• **DATA IN THIS EXERCISE**
☆ ☆ ☆ ☆

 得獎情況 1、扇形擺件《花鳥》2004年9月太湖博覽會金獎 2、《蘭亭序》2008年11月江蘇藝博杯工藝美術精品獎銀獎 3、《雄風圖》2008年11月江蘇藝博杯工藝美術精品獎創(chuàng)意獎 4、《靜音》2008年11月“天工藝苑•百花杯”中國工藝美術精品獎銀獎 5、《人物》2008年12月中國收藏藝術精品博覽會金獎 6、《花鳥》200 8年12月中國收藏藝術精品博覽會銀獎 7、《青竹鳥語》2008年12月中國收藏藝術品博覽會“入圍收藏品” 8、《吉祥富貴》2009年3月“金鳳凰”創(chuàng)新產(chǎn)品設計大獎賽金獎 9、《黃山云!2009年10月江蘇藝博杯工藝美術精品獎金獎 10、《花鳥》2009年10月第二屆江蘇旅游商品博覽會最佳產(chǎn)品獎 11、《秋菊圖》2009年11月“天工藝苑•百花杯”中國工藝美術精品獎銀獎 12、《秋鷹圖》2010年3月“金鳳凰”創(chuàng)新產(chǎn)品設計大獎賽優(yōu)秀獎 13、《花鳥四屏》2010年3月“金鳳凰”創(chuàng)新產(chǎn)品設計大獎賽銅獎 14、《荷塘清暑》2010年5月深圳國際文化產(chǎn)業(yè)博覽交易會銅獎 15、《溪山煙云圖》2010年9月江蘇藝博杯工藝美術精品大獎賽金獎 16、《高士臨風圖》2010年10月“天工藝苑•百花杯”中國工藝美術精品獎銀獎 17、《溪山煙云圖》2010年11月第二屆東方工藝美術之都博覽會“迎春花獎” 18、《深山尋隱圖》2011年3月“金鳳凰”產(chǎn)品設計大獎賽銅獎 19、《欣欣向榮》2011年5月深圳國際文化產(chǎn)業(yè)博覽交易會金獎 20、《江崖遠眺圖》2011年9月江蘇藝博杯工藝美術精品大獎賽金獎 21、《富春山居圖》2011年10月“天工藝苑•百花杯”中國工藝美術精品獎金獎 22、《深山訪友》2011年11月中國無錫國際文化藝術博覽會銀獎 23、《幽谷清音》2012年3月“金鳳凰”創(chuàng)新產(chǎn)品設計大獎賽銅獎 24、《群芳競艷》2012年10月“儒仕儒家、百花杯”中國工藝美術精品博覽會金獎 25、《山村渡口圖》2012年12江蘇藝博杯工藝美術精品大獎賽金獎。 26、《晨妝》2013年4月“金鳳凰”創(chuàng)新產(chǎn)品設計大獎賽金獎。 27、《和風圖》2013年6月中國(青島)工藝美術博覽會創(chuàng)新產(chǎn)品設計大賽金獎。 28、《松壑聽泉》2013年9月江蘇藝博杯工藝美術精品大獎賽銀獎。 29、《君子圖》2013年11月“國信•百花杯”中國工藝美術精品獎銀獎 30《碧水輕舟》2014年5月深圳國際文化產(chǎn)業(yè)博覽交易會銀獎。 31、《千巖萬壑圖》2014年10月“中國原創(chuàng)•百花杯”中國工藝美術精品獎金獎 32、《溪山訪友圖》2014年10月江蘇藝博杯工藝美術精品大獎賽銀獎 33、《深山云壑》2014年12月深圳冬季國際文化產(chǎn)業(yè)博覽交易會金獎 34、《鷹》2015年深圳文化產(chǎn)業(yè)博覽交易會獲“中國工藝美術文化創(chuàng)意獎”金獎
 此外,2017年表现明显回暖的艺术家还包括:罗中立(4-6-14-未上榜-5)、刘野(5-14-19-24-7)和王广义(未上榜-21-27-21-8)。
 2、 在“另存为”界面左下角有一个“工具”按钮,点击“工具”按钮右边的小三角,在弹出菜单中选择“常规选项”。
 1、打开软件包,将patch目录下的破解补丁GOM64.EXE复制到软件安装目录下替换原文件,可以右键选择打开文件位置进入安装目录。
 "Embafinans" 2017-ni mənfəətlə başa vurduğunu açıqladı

☆ ☆ ☆ ☆

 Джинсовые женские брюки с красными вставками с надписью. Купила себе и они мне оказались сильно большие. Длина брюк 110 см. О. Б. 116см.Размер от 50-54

☆ ☆ ☆ ☆

• **WHAT TO WORK ON**
What is needed is a verbatim copy of every line in the records above from the one containing "得獎情況 1、扇形擺件《花鳥》2004年9月太湖博覽會金獎 2、《蘭亭序》2008年11月江蘇藝博杯工藝美術精品獎銀獎" down to the one containing "başa vurduğunu açıqladı", both included, and nothing more.

• **OUTPUT BELOW**
 得獎情況 1、扇形擺件《花鳥》2004年9月太湖博覽會金獎 2、《蘭亭序》2008年11月江蘇藝博杯工藝美術精品獎銀獎 3、《雄風圖》2008年11月江蘇藝博杯工藝美術精品獎創(chuàng)意獎 4、《靜音》2008年11月“天工藝苑•百花杯”中國工藝美術精品獎銀獎 5、《人物》2008年12月中國收藏藝術精品博覽會金獎 6、《花鳥》200 8年12月中國收藏藝術精品博覽會銀獎 7、《青竹鳥語》2008年12月中國收藏藝術品博覽會“入圍收藏品” 8、《吉祥富貴》2009年3月“金鳳凰”創(chuàng)新產(chǎn)品設計大獎賽金獎 9、《黃山云!2009年10月江蘇藝博杯工藝美術精品獎金獎 10、《花鳥》2009年10月第二屆江蘇旅游商品博覽會最佳產(chǎn)品獎 11、《秋菊圖》2009年11月“天工藝苑•百花杯”中國工藝美術精品獎銀獎 12、《秋鷹圖》2010年3月“金鳳凰”創(chuàng)新產(chǎn)品設計大獎賽優(yōu)秀獎 13、《花鳥四屏》2010年3月“金鳳凰”創(chuàng)新產(chǎn)品設計大獎賽銅獎 14、《荷塘清暑》2010年5月深圳國際文化產(chǎn)業(yè)博覽交易會銅獎 15、《溪山煙云圖》2010年9月江蘇藝博杯工藝美術精品大獎賽金獎 16、《高士臨風圖》2010年10月“天工藝苑•百花杯”中國工藝美術精品獎銀獎 17、《溪山煙云圖》2010年11月第二屆東方工藝美術之都博覽會“迎春花獎” 18、《深山尋隱圖》2011年3月“金鳳凰”產(chǎn)品設計大獎賽銅獎 19、《欣欣向榮》2011年5月深圳國際文化產(chǎn)業(yè)博覽交易會金獎 20、《江崖遠眺圖》2011年9月江蘇藝博杯工藝美術精品大獎賽金獎 21、《富春山居圖》2011年10月“天工藝苑•百花杯”中國工藝美術精品獎金獎 22、《深山訪友》2011年11月中國無錫國際文化藝術博覽會銀獎 23、《幽谷清音》2012年3月“金鳳凰”創(chuàng)新產(chǎn)品設計大獎賽銅獎 24、《群芳競艷》2012年10月“儒仕儒家、百花杯”中國工藝美術精品博覽會金獎 25、《山村渡口圖》2012年12江蘇藝博杯工藝美術精品大獎賽金獎。 26、《晨妝》2013年4月“金鳳凰”創(chuàng)新產(chǎn)品設計大獎賽金獎。 27、《和風圖》2013年6月中國(青島)工藝美術博覽會創(chuàng)新產(chǎn)品設計大賽金獎。 28、《松壑聽泉》2013年9月江蘇藝博杯工藝美術精品大獎賽銀獎。 29、《君子圖》2013年11月“國信•百花杯”中國工藝美術精品獎銀獎 30《碧水輕舟》2014年5月深圳國際文化產(chǎn)業(yè)博覽交易會銀獎。 31、《千巖萬壑圖》2014年10月“中國原創(chuàng)•百花杯”中國工藝美術精品獎金獎 32、《溪山訪友圖》2014年10月江蘇藝博杯工藝美術精品大獎賽銀獎 33、《深山云壑》2014年12月深圳冬季國際文化產(chǎn)業(yè)博覽交易會金獎 34、《鷹》2015年深圳文化產(chǎn)業(yè)博覽交易會獲“中國工藝美術文化創(chuàng)意獎”金獎
 此外,2017年表现明显回暖的艺术家还包括:罗中立(4-6-14-未上榜-5)、刘野(5-14-19-24-7)和王广义(未上榜-21-27-21-8)。
 2、 在“另存为”界面左下角有一个“工具”按钮,点击“工具”按钮右边的小三角,在弹出菜单中选择“常规选项”。
 1、打开软件包,将patch目录下的破解补丁GOM64.EXE复制到软件安装目录下替换原文件,可以右键选择打开文件位置进入安装目录。
 "Embafinans" 2017-ni mənfəətlə başa vurduğunu açıqladı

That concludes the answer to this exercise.